My H and I have been discussing visiting our family that lives 2500 miles away over the holidays. We disagree about leaving our adult children (ages 21 and 20) home over thanksgiving. Is it right to leave them out and with no family or should we go?
_Posted via Mobile Device_


----------



## PBear (Nov 16, 2010)

OhioGirl said:


> My H and I have been discussing visiting our family that lives 2500 miles away over the holidays. We disagree about leaving our adult children (ages 21 and 20) home over thanksgiving. Is it right to leave them out and with no family or should we go?
> _Posted via Mobile Device_


What do the adult children want?

C


----------



## captainstormy (Jun 15, 2012)

Adult children?

At that age, you have a son/daughter but you no longer have children.

Ask them about it.
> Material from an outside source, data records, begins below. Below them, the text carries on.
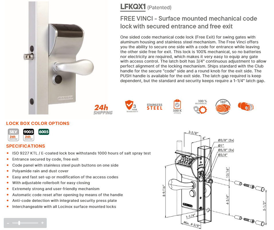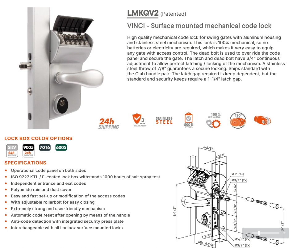 High quality mechanical code lock for swing gates with aluminum housing and stainless steel mechanism. This lock is 100% mechanical, so no batteries or electricity are required, which makes it very easy to equip any gate with access control. The dead bolt is used to over ride the code panel and secure the gate. The latch and dead bolt have 3/4" continuous adjustment to allow perfect latching / locking of the mechanism. A stainless steel throw of 7/8" guarantees a secure locking. Ships standard with the Club handle pair. The latch gap required is keep dependent, but the standard and security keeps require a 1-1/4" latch gap.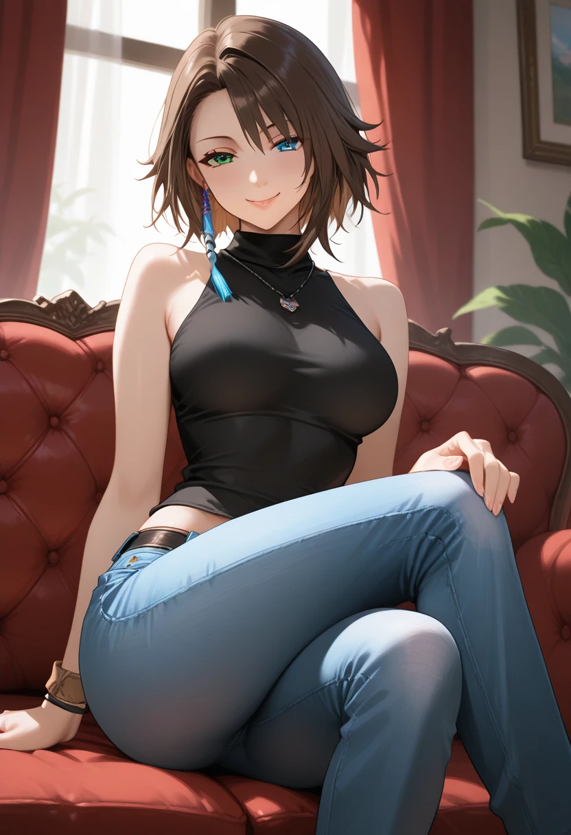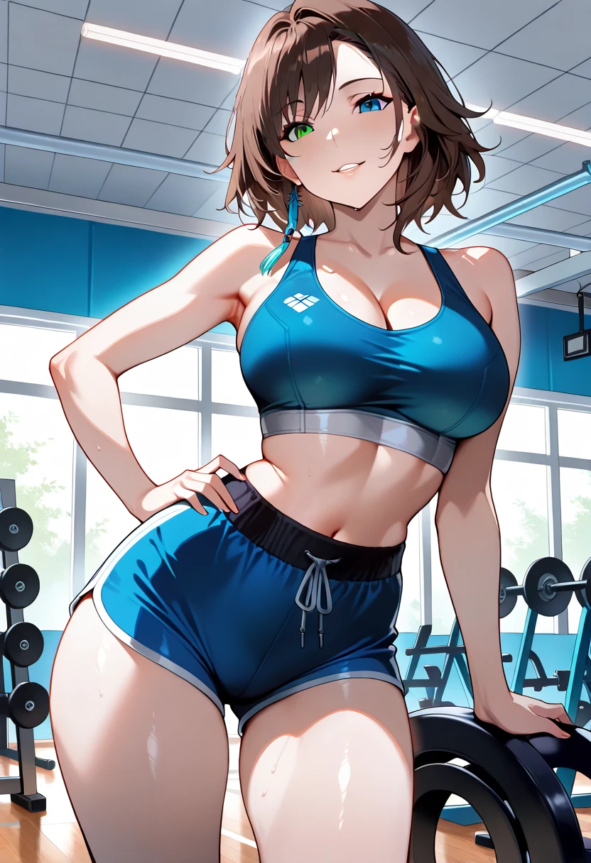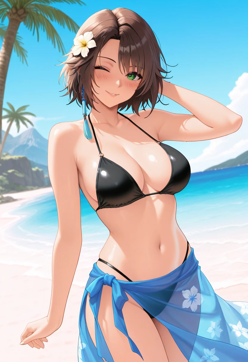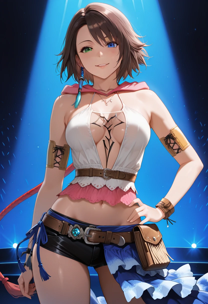 "FFXS0NG, brown hair, short hair, hair ornament, blue sleeveless vest, plunging neckline,necklace, navel, frills, detached sleeves, cross-laced clothes, black skirt, belt, blue showgirl skirt"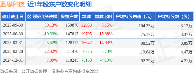 从股价来看,2025年6月30日至2025年9月30日,蓝思科技区间涨幅为50.13%,在此期间股东户数增加1.21万户,增幅为8.15%。

Personally, I think it would be bad to leave your immediate family on a holiday to visit a more remote branch but that's just me.


----------



## Anonymous07 (Aug 4, 2012)

captainstormy said:


> Adult children?
> 
> At that age, you have a son/daughter but you no longer have children.
> 
> Ask them about it. Personally, I think it would be bad to leave your immediate family on a holiday to visit a more remote branch but that's just me.


While I think it's nice to see what their opinion is, I also think it's important to keep the family together. Personally, I think you should not leave them at home and all of you should go visit the extended family that lives far away.


----------



## wiigirl (Jun 14, 2012)

I would ask them..








_Posted via Mobile Device_


----------



## Hope1964 (Sep 26, 2011)

My kids are 23, 21 and 18 and I do everything I can to try to include them in every holiday. I would however probably draw the line at paying thousands of dollars for plane tickets for them. I would definitely invite them and try to help them get their own tickets in whatever way I could, but that's just out of my budget. If they COULD get their own tickets I would probably make sure they had accommodations, I could probably afford a hotel room for them if I needed to.

But yeah, you should ask them what they want to do and go from there.


----------